Гёте, если верить учебникам, эффектно попросил «больше света» и умер, как подобает гению — с афоризмом на устах. Чехов будто бы заказал шампанского, отпил, сказал «Я умираю» по-немецки и лёг на левый бок. Пушкин извинялся перед секундантами за причинённые хлопоты. Красиво. Кинематографично. Беда одна: значительная часть этих фраз — литературный монтаж, собранный вдовами, издателями и биографами уже после похорон.

Короткая мысль, но важная: смертное ложе — последнее место, где можно ещё проконтролировать собственную репутацию. И родственники это прекрасно понимали. Поэтому реальность последних минут писателя часто гораздо прозаичнее, грязнее и человечнее той открытки, которую нам продают в предисловиях к собраниям сочинений — там, где герой уходит с гордо поднятой головой, произнося фразу, будто специально отшлифованную для эпитафии.

Возьмём Чехова. История про шампанское — не выдумка, тут повезло: доктор Швёрер, немец, вызванный в баденвайлерский отель, действительно велел принести бокал, потому что понимал — сердце останавливается, а вино на секунду взбадривает пульс. Чехов якобы улыбнулся врачу и произнёс «Ich sterbe» — «Я умираю» — по-немецки, чтобы тому было понятнее. Отпил. Лёг. Всё. Красиво, да ещё и трогательно, что человек, умирая, вежливо переходит на язык собеседника. Но есть нюанс: свидетельницей была только жена, Ольга Книппер-Чехова, а она — актриса. Профессиональная привычка выстраивать сцену никуда не девается даже у мемуаристки.

С Гёте всё ещё веселее. «Mehr Licht!» — «больше света» — цитируют как последнее философское откровение старика, ищущего просветления даже на пороге смерти. На деле, по воспоминаниям слуги, фраза звучала куда прозаичнее: старику было темно и душно в комнате, он просто просил открыть ставню. Никакой метафизики. Обычная жалоба обычного больного старика, которому не хватает воздуха и света в буквальном, не переносном смысле.

Пушкин.

Тут вообще без вымысла обошлось редко — слишком много свидетелей было в квартире на Мойке. Умирающий поэт действительно извинялся: перед секундантом Данзасом — за то, что тот из-за дуэли может пострадать по службе; жене велел не носить траур больше двух лет и выйти замуж за порядочного человека. Последними словами, если верить Далю, было «Тесно дышать... давит...» Ни грамма пафоса. Только медицинский факт: перитонит после ранения в живот — это действительно тесно и правда давит.

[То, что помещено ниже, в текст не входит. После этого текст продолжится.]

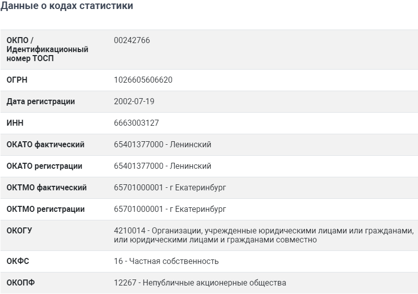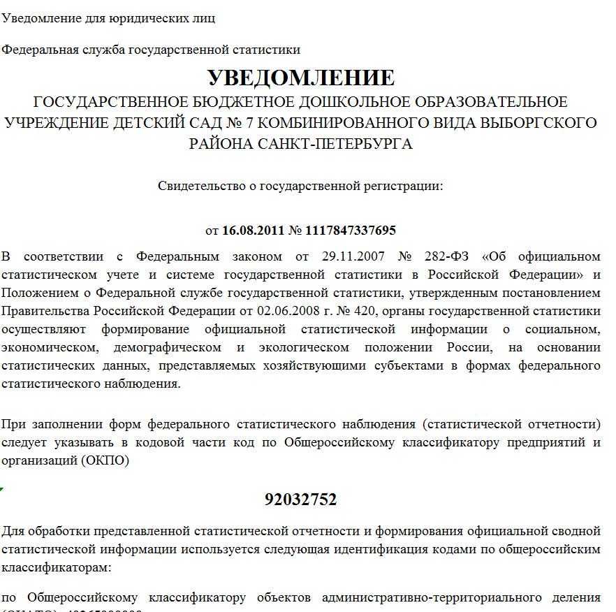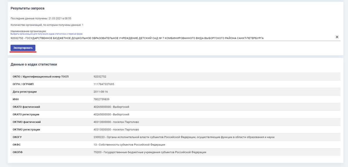 Анализируем полученную информацию. В первой части сформированных результатов поиска размещены регистрационные коды экономического субъекта. Эти шифры содержатся в письме из Росстата, которое направляется организации при первичной постановке на учет. Если письмо потеряется, то шифры уточните на официальном сайте.
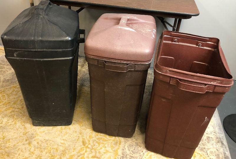 Lot # 35 (3) 30 Gallon Garbage Cans - 2 with lids

А вот Оскар Уайльд подарил нам, возможно, лучшую байку в истории литературных смертей. По легенде, умирая в дешёвом парижском отеле, он бросил взгляд на убогие обои и произнёс: «Либо обои уйдут, либо я». Проблема в том, что первым эту фразу процитировал друг Уайльда через много лет после его смерти, причём в разных пересказах меняются то обои, то интонация. Учитывая, что настоящий Уайльд умирал долго и мучительно от менингита, в полубреду, шутить про интерьер он вряд ли был способен физически. Но фраза настолько хороша, что вычёркивать её из легенды — преступление против хорошего вкуса. Пусть живёт. Даже если это неправда.

Лев Толстой умирал не в Ясной Поляне, а на затерянной железнодорожной станции Астапово — сбежал из дома в восемьдесят два года, ночью, тайком от жены. Дежурный по станции пустил классика переночевать в своей квартире; там граф и провёл последнюю неделю жизни, диктуя дочери путаные, обрывочные фразы. «Люблю много, люблю всех» — записала одна. «Не понимаю, что мне делать» — записала другая, буквально накануне конца. Никакого финального афоризма о смысле жизни. Просто растерянный старик, который всю жизнь искал истину и на пороге смерти признался: не знаю.

Джеймс Джойс, умирая в цюрихской больнице после операции на желудке, спросил врачей — понимает ли его вообще хоть кто-нибудь в этой палате. Вопрос по-своему символичный: человек, полжизни писавший так, что современники ломали голову над каждым абзацем «Улисса», и на смертном одре продолжал сомневаться — а слышат ли его вообще.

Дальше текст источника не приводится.